**EXERCISE BRIEF:** Your response should consist of the entire listing, transcribed exactly, with every image left out.

**DATASET CONTENT:**
○ ○ ○

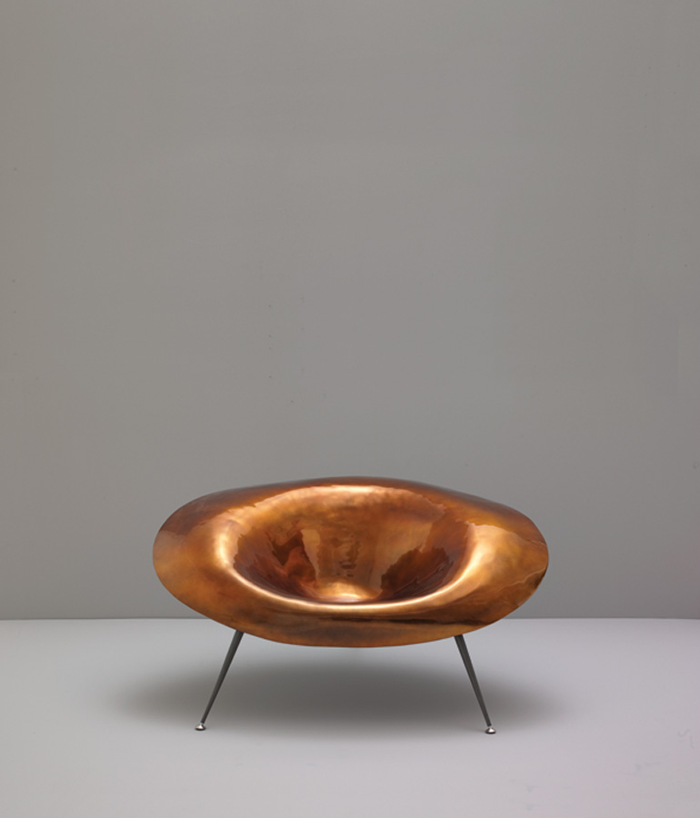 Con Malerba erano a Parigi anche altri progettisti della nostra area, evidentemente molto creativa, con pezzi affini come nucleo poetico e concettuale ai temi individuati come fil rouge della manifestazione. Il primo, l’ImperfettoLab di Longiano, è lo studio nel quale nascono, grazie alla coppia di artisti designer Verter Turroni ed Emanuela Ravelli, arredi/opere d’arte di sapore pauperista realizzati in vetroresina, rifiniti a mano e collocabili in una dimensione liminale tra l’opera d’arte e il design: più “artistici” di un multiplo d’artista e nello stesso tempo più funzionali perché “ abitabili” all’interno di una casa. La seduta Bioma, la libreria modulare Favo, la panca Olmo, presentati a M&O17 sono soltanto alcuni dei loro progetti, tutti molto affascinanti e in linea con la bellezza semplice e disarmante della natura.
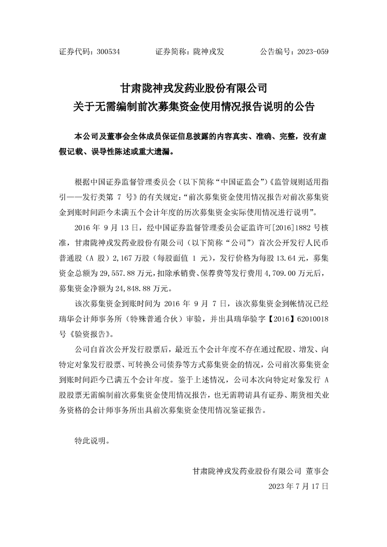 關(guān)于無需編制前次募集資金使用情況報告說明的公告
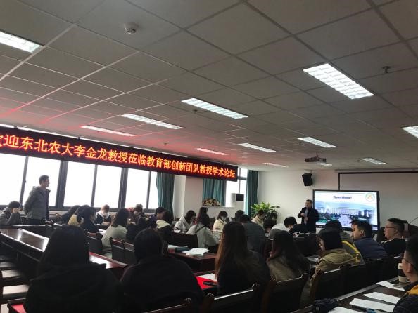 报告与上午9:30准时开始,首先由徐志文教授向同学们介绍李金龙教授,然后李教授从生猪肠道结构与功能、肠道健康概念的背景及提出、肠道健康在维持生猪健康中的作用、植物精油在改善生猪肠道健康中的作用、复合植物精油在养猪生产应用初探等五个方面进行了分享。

○ ○ ○

**EXERCISE RESPONSE:**
 Con Malerba erano a Parigi anche altri progettisti della nostra area, evidentemente molto creativa, con pezzi affini come nucleo poetico e concettuale ai temi individuati come fil rouge della manifestazione. Il primo, l’ImperfettoLab di Longiano, è lo studio nel quale nascono, grazie alla coppia di artisti designer Verter Turroni ed Emanuela Ravelli, arredi/opere d’arte di sapore pauperista realizzati in vetroresina, rifiniti a mano e collocabili in una dimensione liminale tra l’opera d’arte e il design: più “artistici” di un multiplo d’artista e nello stesso tempo più funzionali perché “ abitabili” all’interno di una casa. La seduta Bioma, la libreria modulare Favo, la panca Olmo, presentati a M&O17 sono soltanto alcuni dei loro progetti, tutti molto affascinanti e in linea con la bellezza semplice e disarmante della natura.
 關(guān)于無需編制前次募集資金使用情況報告說明的公告
 报告与上午9:30准时开始,首先由徐志文教授向同学们介绍李金龙教授,然后李教授从生猪肠道结构与功能、肠道健康概念的背景及提出、肠道健康在维持生猪健康中的作用、植物精油在改善生猪肠道健康中的作用、复合植物精油在养猪生产应用初探等五个方面进行了分享。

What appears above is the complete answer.